Los años 60 y 70 acrecentaron aún más
su prestigio: mientras París apostaba por la alta costura, Pucci
insistía en un estilo más y más décontracté,
simple. Sus vestidos de jersey estampado llegaron a costar, por peso,
más que el oro; la misión del Apollo 15 plantó
en la Luna una bandera diseñada por Pucci; la prensa norteamericana
lo bautizó el príncipe del estampado; llegó,
inclusive, a diseñar sets de escritorio perfumados, y uniformes
para una línea aérea que contemplaban cascos plásticos
para proteger el peinado de las azafatas.
Pero pocos años después, cuando ya el marqués se
había dado el gusto de ser electo diputado por un partido liberal,
llegó el black is beautiful de los primeros 80.
Los colores, sus juegos, esos experimentos ya no tenían cabida.

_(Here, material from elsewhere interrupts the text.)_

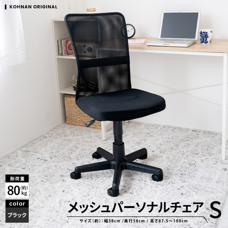 ◆コーナン オリジナル LIFELEX メッシュパーソナル チェアS ブラック 全体サイズ(約):幅500×奥行600×高さ875〜1000mm
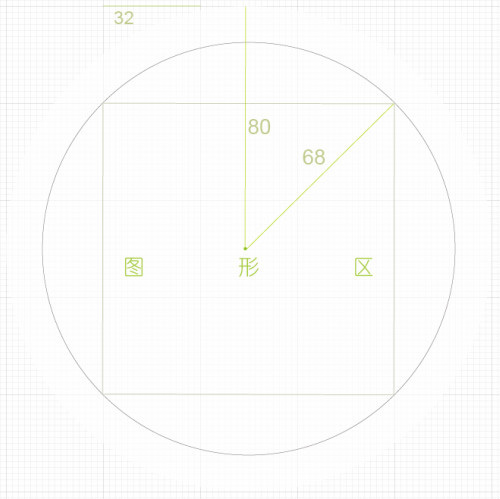 这是一个大概的预设图。圆半径为80整个圆正好占用五个32px网格。图形总元素基本尺寸(单位:px),矩形椭圆宽:20,40,70. 长:60,80. 描边大小:2,4,6 圆角:2,4,6

Así y todo, hasta 1992, el año de su muerte, Pucci continuó
al frente del que había sabido ser su imperio. Si mi marido
hubiera sido siempre rico (durante su exilio suizo se había ido,
casi, con lo puesto) y hubiera estado libre, probablemente nada hubiera
sucedido, dijo su viuda, pero no tenía más
que este sentido filosófico, el amor por lo bello.